__YOUR ASSIGNMENT__.
Starting with the line below that holds "Le Marquis d'Aguéseau Aout 1815. Paris Etinte" and stopping after the line that holds "Stockholm (MF) - Acest", transcribe the lines exactly, leaving out all pictures.

Data items:
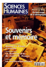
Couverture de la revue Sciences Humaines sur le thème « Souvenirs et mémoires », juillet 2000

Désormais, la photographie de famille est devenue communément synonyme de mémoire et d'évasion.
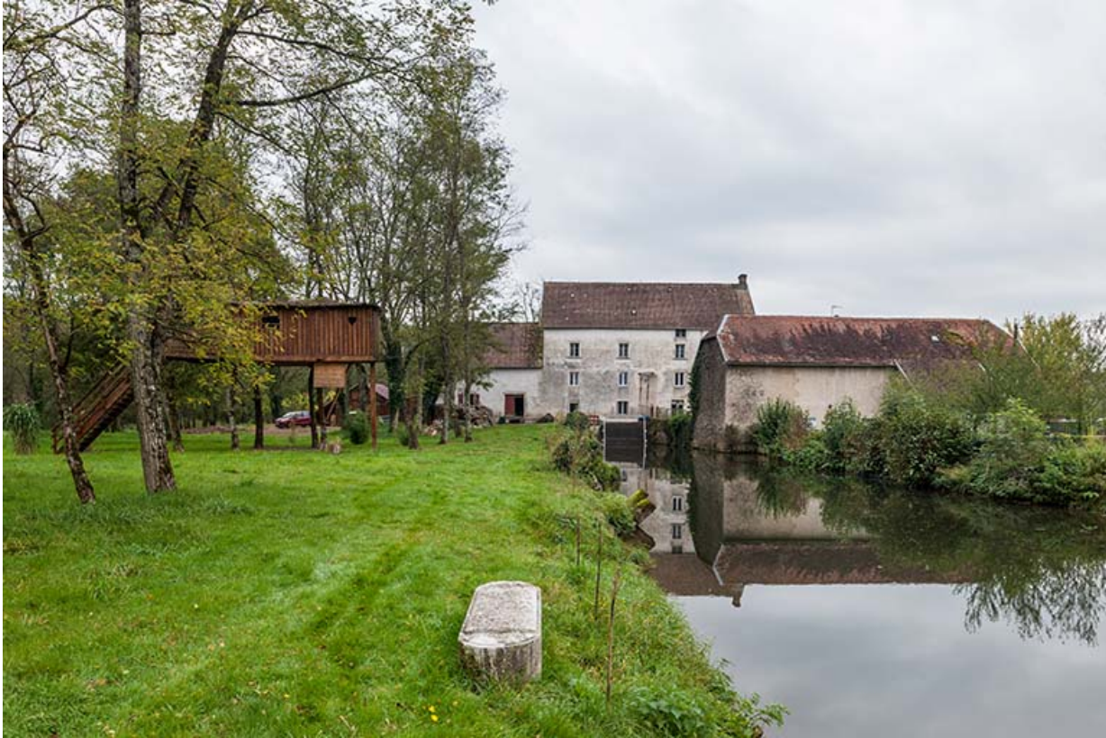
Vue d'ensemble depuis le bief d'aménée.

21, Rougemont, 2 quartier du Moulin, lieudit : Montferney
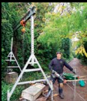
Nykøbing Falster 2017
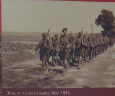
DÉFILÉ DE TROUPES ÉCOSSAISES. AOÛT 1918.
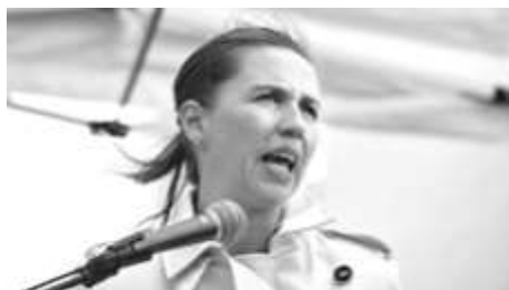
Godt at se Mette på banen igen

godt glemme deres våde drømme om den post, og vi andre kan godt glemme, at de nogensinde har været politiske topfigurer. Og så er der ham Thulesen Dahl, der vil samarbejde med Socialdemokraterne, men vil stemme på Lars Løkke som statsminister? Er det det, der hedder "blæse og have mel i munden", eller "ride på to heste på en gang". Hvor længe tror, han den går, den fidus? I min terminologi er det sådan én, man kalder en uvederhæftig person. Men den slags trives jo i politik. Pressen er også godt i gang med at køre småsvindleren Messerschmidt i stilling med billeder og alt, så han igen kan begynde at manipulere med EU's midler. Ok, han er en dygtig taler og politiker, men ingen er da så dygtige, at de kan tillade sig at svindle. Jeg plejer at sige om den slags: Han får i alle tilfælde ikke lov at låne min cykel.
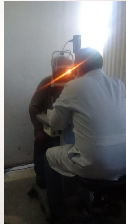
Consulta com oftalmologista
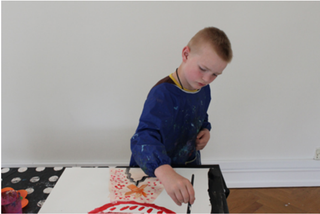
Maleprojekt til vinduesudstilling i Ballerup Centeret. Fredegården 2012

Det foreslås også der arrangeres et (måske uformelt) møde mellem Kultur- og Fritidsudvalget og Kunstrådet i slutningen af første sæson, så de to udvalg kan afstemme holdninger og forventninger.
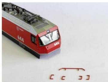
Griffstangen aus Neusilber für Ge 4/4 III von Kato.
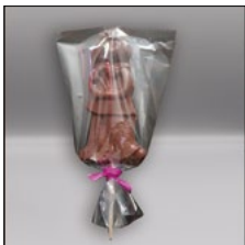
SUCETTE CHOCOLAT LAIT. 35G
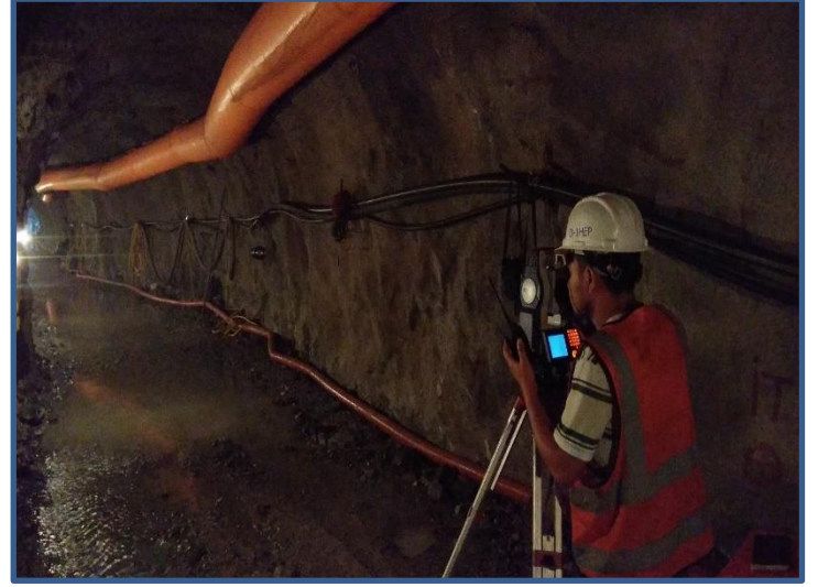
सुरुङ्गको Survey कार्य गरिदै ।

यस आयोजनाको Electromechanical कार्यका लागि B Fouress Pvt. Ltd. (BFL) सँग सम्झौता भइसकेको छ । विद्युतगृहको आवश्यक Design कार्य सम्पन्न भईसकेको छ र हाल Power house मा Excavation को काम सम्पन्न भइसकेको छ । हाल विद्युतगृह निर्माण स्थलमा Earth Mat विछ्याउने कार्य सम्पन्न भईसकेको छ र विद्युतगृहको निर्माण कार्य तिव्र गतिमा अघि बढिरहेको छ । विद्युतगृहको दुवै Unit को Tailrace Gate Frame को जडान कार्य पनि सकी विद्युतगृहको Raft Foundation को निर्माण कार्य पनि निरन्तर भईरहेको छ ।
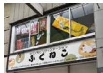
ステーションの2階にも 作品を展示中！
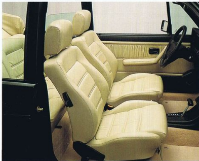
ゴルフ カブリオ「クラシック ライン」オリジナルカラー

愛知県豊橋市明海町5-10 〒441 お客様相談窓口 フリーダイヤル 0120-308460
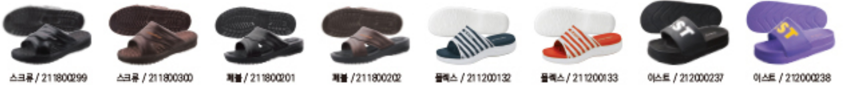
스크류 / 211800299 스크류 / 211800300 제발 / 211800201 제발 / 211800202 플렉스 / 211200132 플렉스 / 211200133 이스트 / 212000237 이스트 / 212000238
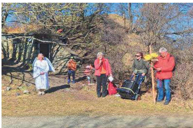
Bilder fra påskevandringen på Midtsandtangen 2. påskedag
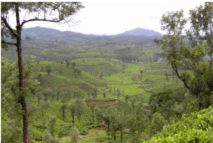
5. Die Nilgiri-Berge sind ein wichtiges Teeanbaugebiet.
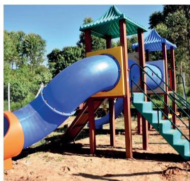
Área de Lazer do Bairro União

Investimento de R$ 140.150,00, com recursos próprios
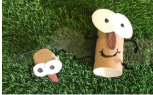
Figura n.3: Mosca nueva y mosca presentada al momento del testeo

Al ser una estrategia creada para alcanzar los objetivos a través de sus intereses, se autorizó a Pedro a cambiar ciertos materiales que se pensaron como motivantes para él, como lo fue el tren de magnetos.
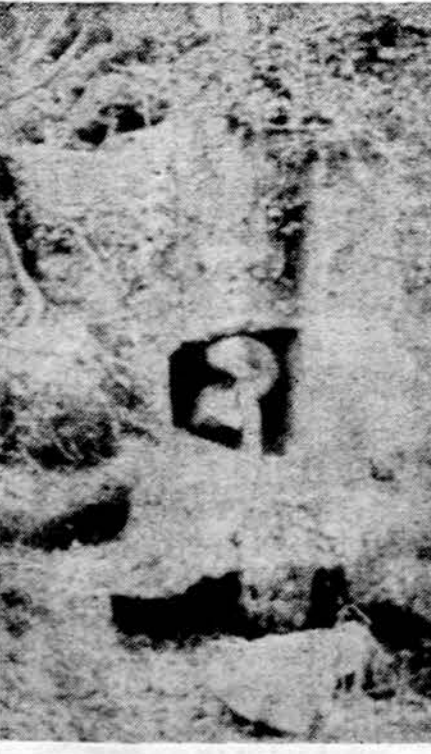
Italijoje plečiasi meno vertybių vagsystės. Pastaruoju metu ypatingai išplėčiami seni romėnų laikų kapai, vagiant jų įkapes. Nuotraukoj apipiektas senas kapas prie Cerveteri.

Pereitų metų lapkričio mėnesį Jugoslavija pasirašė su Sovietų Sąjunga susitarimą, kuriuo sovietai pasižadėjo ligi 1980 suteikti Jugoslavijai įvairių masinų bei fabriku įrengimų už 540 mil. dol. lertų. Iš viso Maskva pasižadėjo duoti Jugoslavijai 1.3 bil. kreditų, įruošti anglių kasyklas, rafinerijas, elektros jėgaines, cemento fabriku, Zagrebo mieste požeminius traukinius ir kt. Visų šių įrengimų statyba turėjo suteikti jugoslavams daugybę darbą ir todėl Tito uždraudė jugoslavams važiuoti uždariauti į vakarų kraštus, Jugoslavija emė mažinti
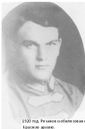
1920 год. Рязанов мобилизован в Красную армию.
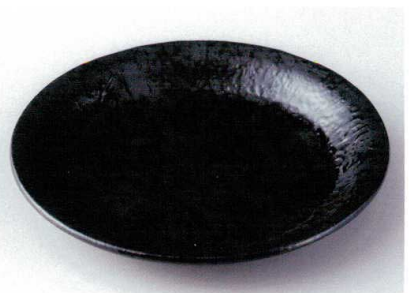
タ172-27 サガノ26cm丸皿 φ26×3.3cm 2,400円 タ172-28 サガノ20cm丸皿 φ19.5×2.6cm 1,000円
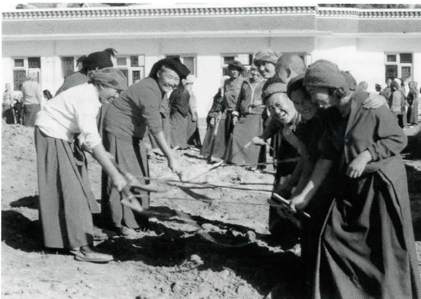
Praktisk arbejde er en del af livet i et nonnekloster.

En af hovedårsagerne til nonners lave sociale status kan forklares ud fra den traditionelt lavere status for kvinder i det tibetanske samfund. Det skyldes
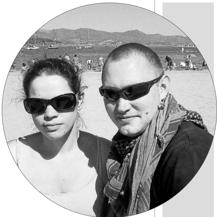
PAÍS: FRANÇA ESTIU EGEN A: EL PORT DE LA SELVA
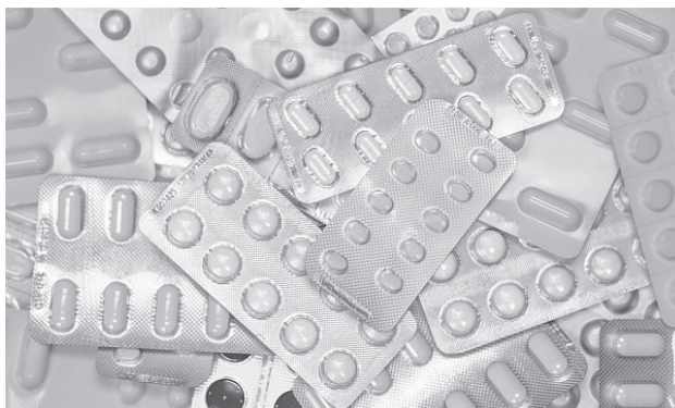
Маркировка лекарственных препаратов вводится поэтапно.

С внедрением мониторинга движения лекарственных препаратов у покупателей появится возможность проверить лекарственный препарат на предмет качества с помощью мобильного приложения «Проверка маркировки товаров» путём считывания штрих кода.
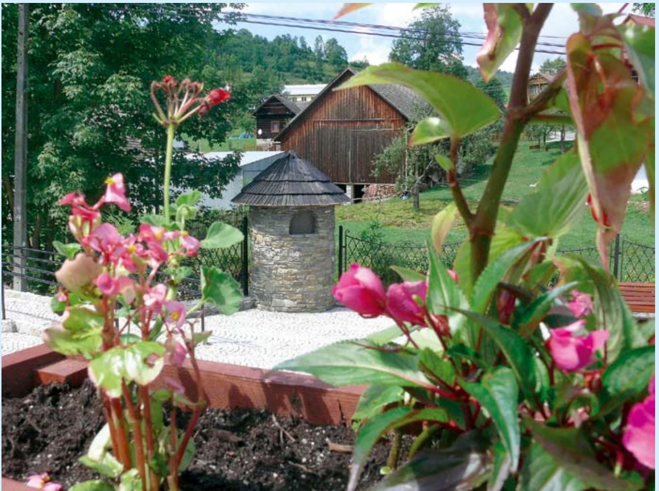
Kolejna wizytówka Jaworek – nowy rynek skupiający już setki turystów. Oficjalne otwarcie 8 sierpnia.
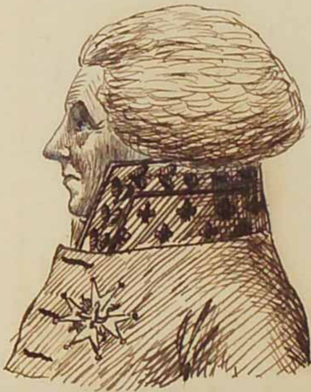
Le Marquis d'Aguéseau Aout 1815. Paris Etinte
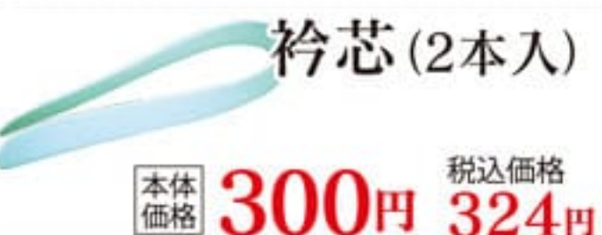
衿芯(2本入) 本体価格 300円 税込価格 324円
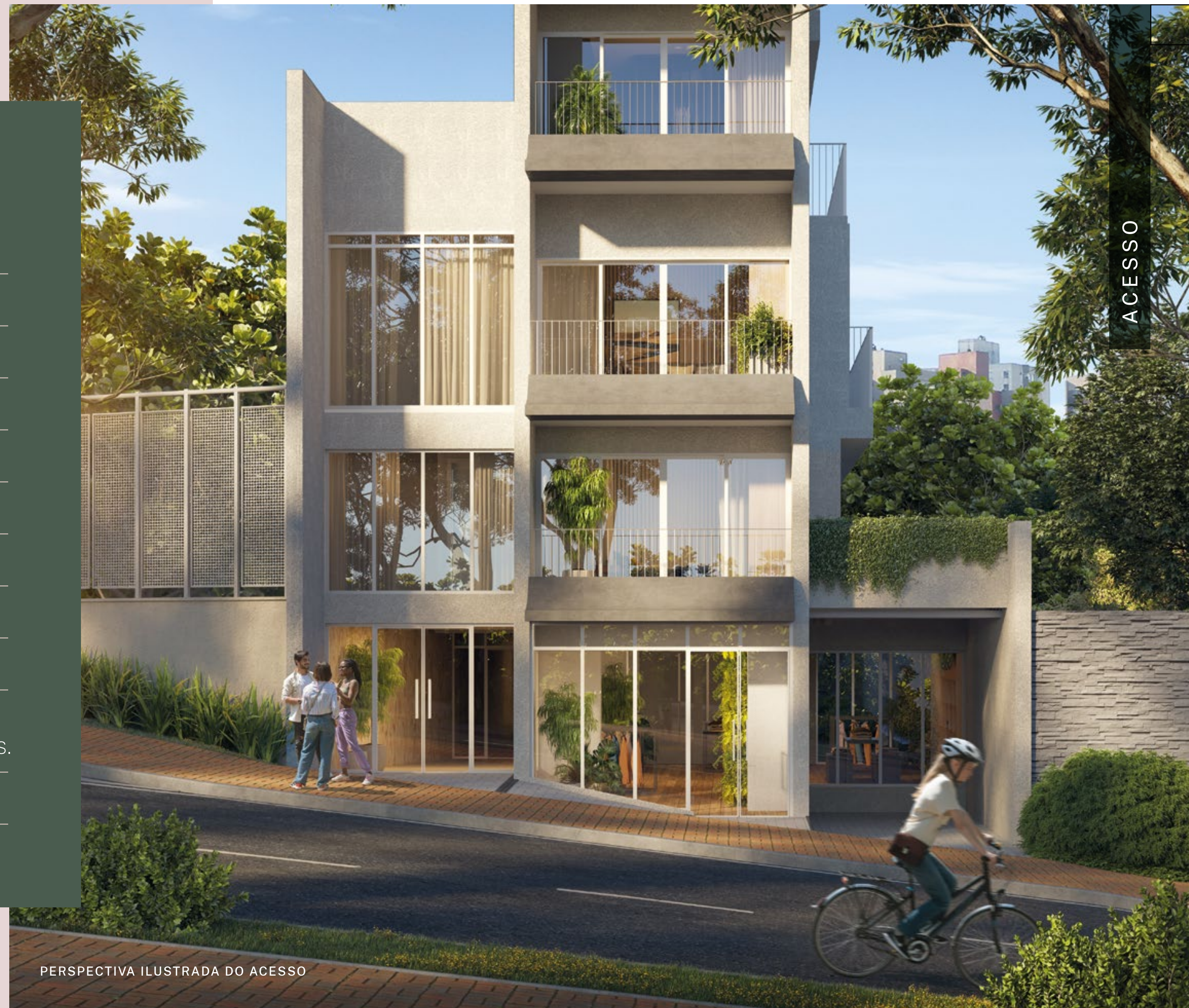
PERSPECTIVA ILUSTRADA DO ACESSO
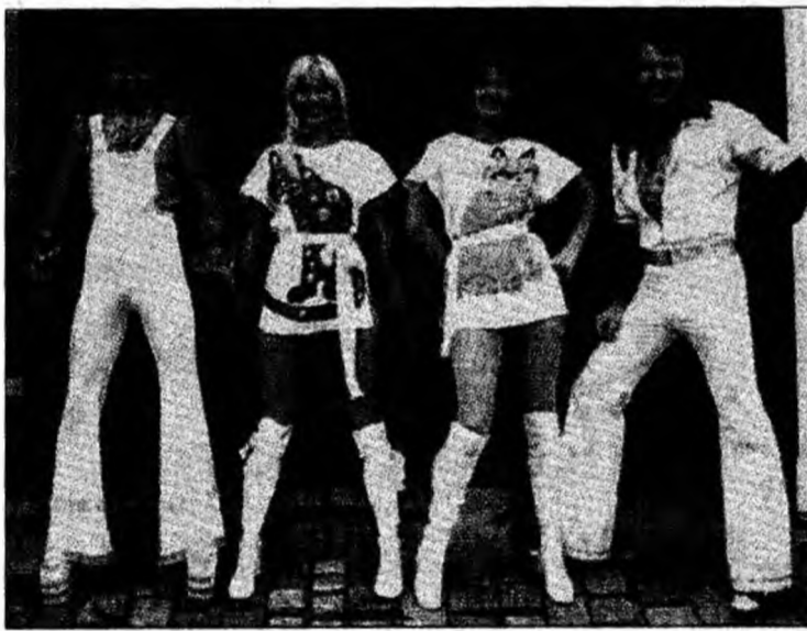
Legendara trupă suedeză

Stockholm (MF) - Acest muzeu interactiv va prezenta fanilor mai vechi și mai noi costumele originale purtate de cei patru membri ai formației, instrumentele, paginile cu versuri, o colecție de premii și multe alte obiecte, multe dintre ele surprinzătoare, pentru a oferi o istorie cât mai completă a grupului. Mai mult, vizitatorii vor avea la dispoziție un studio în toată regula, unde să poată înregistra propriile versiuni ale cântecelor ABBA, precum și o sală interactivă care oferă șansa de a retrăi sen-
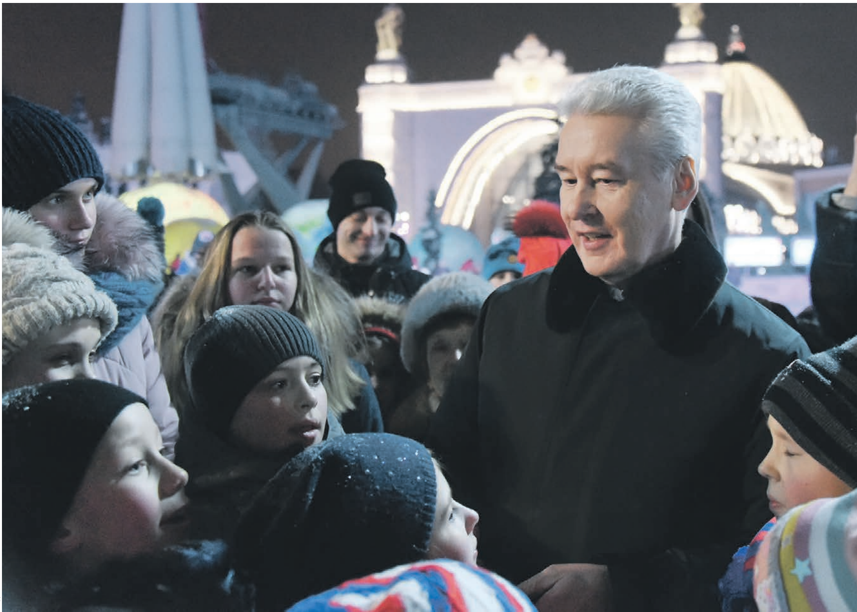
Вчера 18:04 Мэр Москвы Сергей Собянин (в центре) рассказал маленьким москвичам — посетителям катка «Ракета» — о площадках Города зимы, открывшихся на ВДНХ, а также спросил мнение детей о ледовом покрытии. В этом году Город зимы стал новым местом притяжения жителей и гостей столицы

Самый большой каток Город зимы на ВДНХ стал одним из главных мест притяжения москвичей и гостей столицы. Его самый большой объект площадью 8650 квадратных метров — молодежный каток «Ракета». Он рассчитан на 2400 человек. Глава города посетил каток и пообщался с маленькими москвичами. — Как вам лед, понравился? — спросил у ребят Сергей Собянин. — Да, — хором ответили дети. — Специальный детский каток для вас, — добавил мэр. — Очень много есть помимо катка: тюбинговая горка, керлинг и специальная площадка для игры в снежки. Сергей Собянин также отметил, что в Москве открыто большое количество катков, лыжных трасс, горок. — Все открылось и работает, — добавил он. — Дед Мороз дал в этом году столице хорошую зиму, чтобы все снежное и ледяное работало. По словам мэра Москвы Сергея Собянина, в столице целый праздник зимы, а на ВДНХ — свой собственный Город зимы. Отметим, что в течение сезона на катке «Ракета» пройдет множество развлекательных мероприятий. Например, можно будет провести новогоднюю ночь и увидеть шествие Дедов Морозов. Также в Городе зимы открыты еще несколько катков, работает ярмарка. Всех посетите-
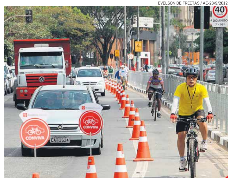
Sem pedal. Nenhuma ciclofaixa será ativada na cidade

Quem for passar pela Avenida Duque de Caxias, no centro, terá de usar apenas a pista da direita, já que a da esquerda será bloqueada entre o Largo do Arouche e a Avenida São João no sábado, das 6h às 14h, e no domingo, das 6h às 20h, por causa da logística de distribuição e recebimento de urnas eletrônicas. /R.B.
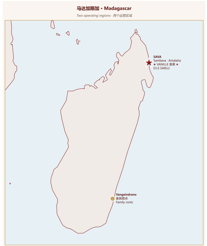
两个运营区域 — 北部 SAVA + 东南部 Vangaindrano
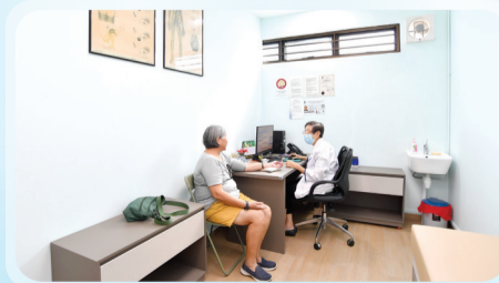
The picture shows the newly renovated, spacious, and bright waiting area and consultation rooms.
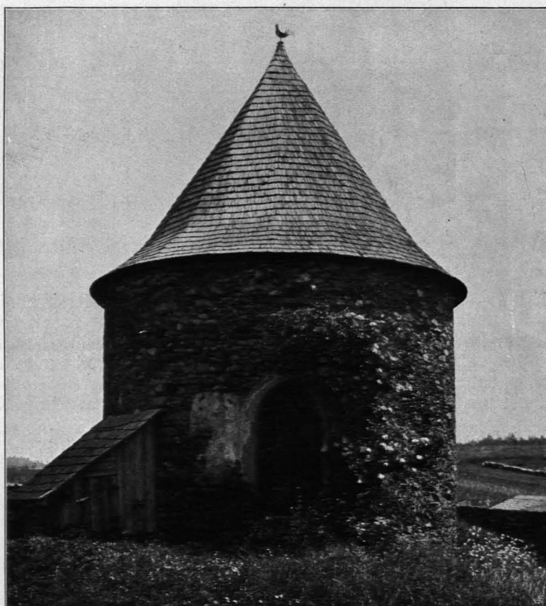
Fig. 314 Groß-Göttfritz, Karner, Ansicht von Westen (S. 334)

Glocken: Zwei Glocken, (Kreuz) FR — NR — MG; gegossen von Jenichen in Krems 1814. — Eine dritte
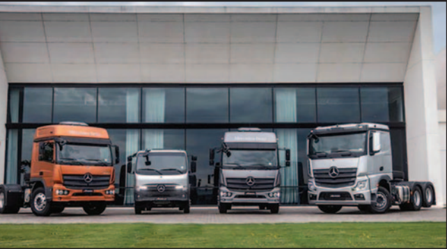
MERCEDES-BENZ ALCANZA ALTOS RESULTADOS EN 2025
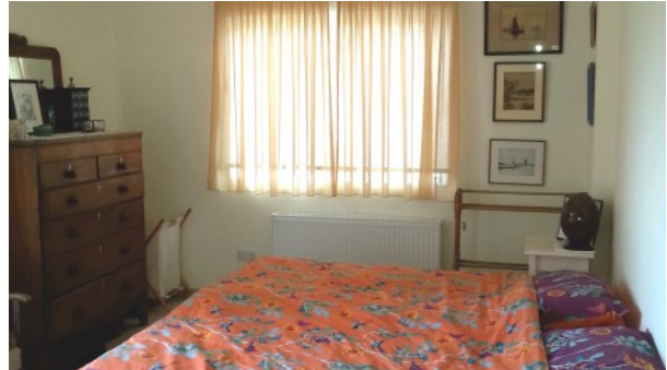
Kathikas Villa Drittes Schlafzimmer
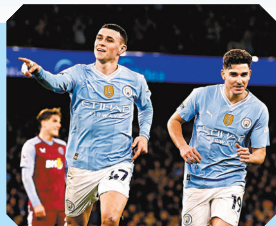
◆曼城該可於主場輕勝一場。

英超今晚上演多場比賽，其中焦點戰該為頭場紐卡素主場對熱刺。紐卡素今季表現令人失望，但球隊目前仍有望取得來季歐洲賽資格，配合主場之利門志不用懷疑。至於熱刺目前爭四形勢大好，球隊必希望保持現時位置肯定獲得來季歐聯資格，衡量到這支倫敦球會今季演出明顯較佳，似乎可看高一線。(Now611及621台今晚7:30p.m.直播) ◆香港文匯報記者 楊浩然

__EXERCISE RESPONSE__.
Le Marquis d'Aguéseau Aout 1815. Paris Etinte
衿芯(2本入) 本体価格 300円 税込価格 324円
PERSPECTIVA ILUSTRADA DO ACESSO
Legendara trupă suedeză

Stockholm (MF) - Acest muzeu interactiv va prezenta fanilor mai vechi și mai noi costumele originale purtate de cei patru membri ai formației, instrumentele, paginile cu versuri, o colecție de premii și multe alte obiecte, multe dintre ele surprinzătoare, pentru a oferi o istorie cât mai completă a grupului. Mai mult, vizitatorii vor avea la dispoziție un studio în toată regula, unde să poată înregistra propriile versiuni ale cântecelor ABBA, precum și o sală interactivă care oferă șansa de a retrăi sen-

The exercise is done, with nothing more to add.